Abstract
Background: Wildfire plays an important role in determining ecosystem processes, composition, structure and condition, and is forecast to play a greater role under climate change. Wildfire affects the physicochemical and habitat characteristics of waterways, and the response in freshwater systems depends on characteristics of the fire, landscape and climate. Knowledge of fire effects on freshwater physiochemistry and habitat is predominantly based on suboptimal designed and short-medium term studies. Using a rigorous before-after-control-impact (BACI) study design and up to 28-years timeseries data, we examined if physicochemical and habitat variables changed following wildfire, and the duration of changes relative to unburnt sites in sub-alpine (hereafter alpine) and montane and sub-montane (montane hereafter) environments in south-eastern Australia.
Results:Of the variables hypothesised to change in response to fire, 8 out of 33 variables at alpine sites, and 7 out of 12 variables at montane sites, changed in line with our predictions. Four variables changed in the opposite direction to predictions. Of 11 variables measured at both sites in alpine and montane environments, 3 variables responded to the fire in only one environment (montane zone) and 1 variable (electrical conductivity) responded in both environments but in different directions. For 90% of response variables examined at both alpine sites (33 variables) and montane sites (12 variables) effects were not detectable beyond 2 years post-fire. The remaining 10% of variables examined were detected up to 8 years post fire at alpine sites, and for 2.5 years at montane sites. The duration of detectable effects was greater at alpine sites than montane sites.

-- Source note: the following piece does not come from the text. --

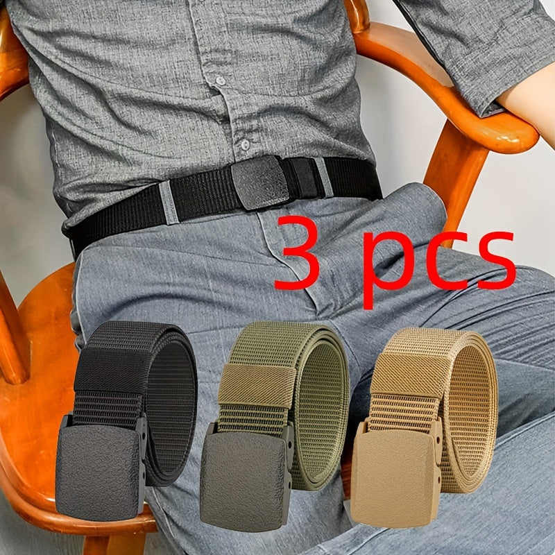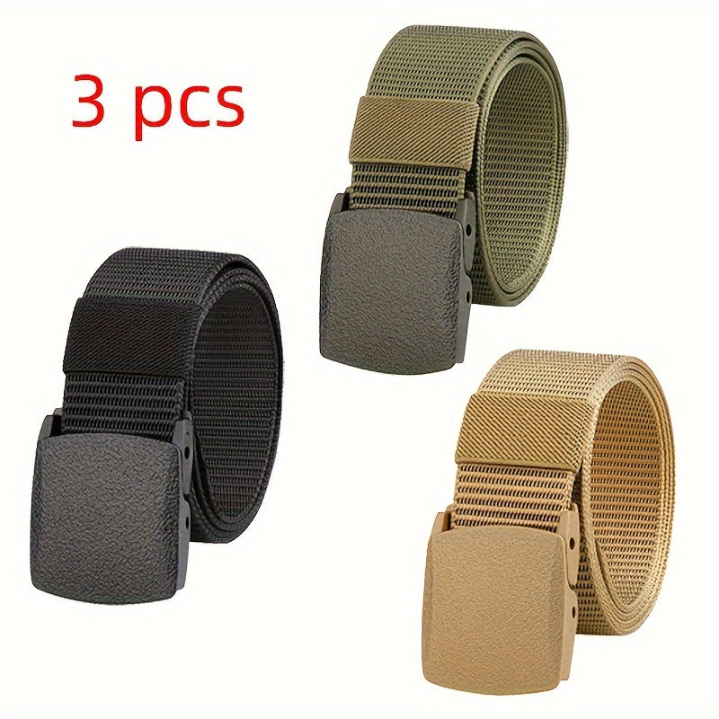 3pcs Men's Nylon Belt Quick Drying Auto Buckle Outdoor Casual Belt

Conclusions: We found no single consistent effect of fire on stream physicochemistry. Although some variables were found to respond to wildfire in a consistent way, the magnitude and duration of effects varied by site group (alpine versus montane) and site type (site burnt versus catchment burnt), illustrating the complexity of responses to wildfire. The complexity and inconsistency of responses of water physicochemical and habitat variables to wildfires reinforces the need for a better mechanistic understanding of the effects of fire on streams.